И не о таком рассказывали в крещеном мире! Наемник-убийца, опустивший тесак на голову святого Петра из Вероны, покаялся менее чем полгода спустя, лежа при смерти в придорожном приюте близ Форли… Покаялся и сделался из еретика — доминиканским братом. Этого Пьетро ди Бальзамо, тезку убиенного им инквизитора, говорят, и сейчас можно было найти в монастыре в Комо — тихого, святого брата-конверза, напевающего за работой, часы проводящего в молитвенных простираниях. Прозвище ему теперь — «первое чудо брата Петра». Приближение смерти — великая тайна: говорят, приближает к Господу как ничто иное… По себе Гальярд этого не помнил, хотя готовиться к смерти уже приходилось как-то раз; но ведь с каждой душой Бог говорит на ее сокровенном языке!

— Говорите же, дочь моя… я слушаю вас.

Она шевельнула губами. Трудно говорить? Гальярд склонился низко, стоя на коленях — будто он, а не она, каялся — и твердая кустодия холодком прижалась к его телу под туникой. Спаситель здесь, Спаситель наш с нами, и нашей плоти подает знак присутствия.

Гальярд совершенно не отследил момента, когда это случилось — когда тонкие, но такие сильные руки Эрмессен обхватили его за шею. За тощую жилистую шею, украшенную парочкой хороших шрамов. Одна белая ладошка скользнула за ворот — как теплая рыбка, нырнула куда-то под мышку монаху — и Гальярд не удержался на коленях, от неожиданности почти повалился на нее, и сами собой расширившиеся его ноздри втянули теплый мускусный запах женщины, запах, которого он не чувствовал так близко никогда в жизни.

Какая там болезнь! Эрмессен оказалась внезапно сильной и цепкой, она обвила его, как змея, одеяло куда-то девалось — на ней было только нижнее платье, черный тонкий шенс, и рот ее, горячий и ядовитый, уже ползал по Гальярдову старому некрасивому лицу, выплескивая какие-то слова — «милый… Иди… Иди ко мне…» — и на миг Гальярда засосал этот страшный водоворот: голая кожа, теплое и влажное лицо, ее глаза напротив его глаз. Бурное и стремительное восстание плоти, которая будто того и ждала много лет, холод серебряной кустодии для гостии, впечатавшейся в плоть резным крестом на крышке, — и Гальярд, собрав все силы, оторвал от себя змею, желавшую смертельно ужалить.

Она еще хваталась за него — так вцепилась в скапулир, что тот душил Гальярда, словно ошейник, и, отдирая ее быстрые руки, он понимал, что надо бы крикнуть — но не может он, не может, потому что лицо у него красное, хабит весь перевернут на сторону, а из горла попросту не выходит крика о помощи.

— Пошла вон… Вон!
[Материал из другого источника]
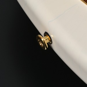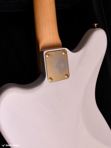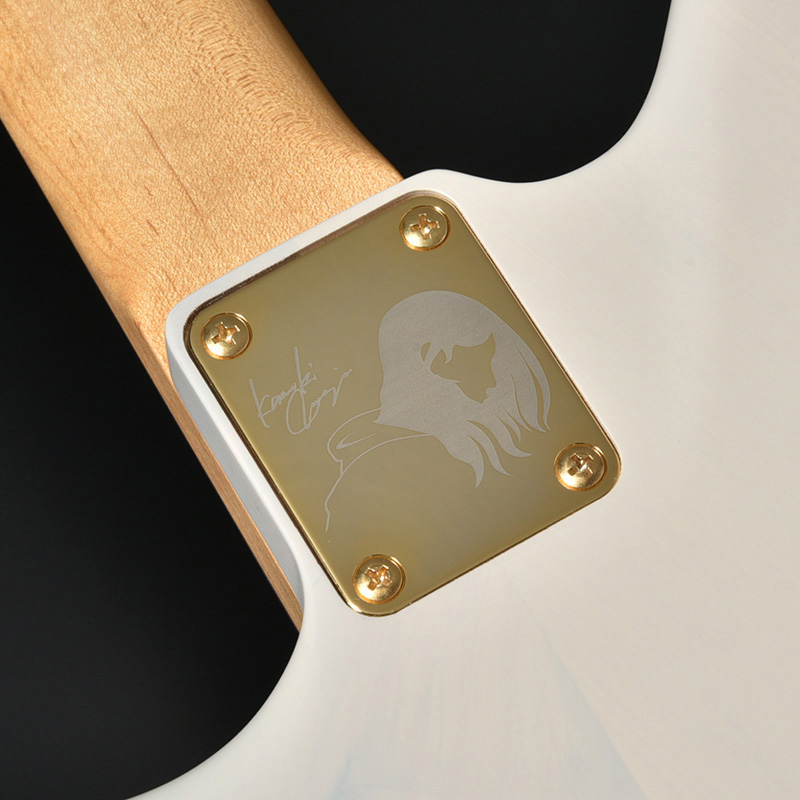 磯貝のアイコンとサインがレーザーによって彫られたオリジナル仕様のネックプレートでジョイント。トラディショナルなサウンド特性を損なわない為にオーソドックスなプレートジョイントを採用しながらも、プレート部を落とし込み加工しています。これにより、ジョイント近くのハイポジションでもプレートに手が引っ掛からなくなり、演奏性の向上を実現しています。

Змея! Лживая… дрянь! — шипел инквизитор Фуа и Тулузена, выдираясь и твердо зная, что никогда не попадал еще в такое постыдное, такое глупое положение. — Господи, спаси, ибо ради Тебя несу я поношение [15]! — и хотя вся позорная драка продолжалась всего несколько мгновений, Гальярду она потом вспоминалась нескончаемо долгим кошмаром и таковым же приходила во снах. И в этих снах, как и наяву, мокрогубая Эрмессен, искавшая ртом его кожи, совершенно отчаянно улыбалась.
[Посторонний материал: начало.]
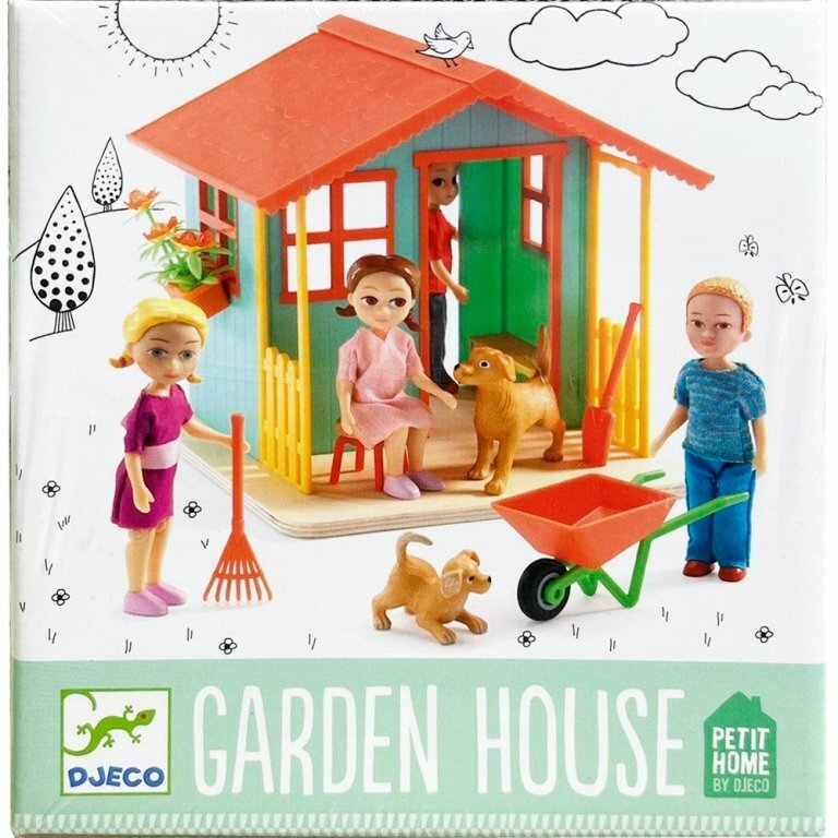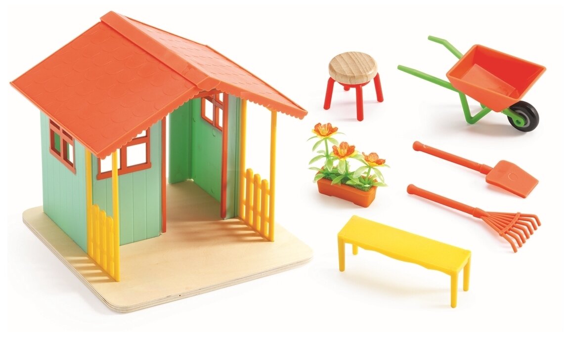 | Состав набора | Садовый домик; Скамейка; Стульчик; Лоток с цветами; Садовая тачка; Грабли; Лопата |

Наконец ему удалось оторвать от одежды руки женщины; отшвырнув ее со всей силой, на которую только был способен, Гальярд ломанулся в дверь — раньше, чем подумал, что в таком виде не следовало бы показываться никому на глаза. Но тело его бежало от греха — такого близкого и уже почти возможного — как бегут от смерти; так что взору тюремщика Франа, уже поджидавшего у дверей, представилось весьма странное зрелище. Главный инквизитор вывалился из комнаты умирающей страшно растрепанный, красный, на ходу поправляя съехавший на сторону скапулир трясущимися руками.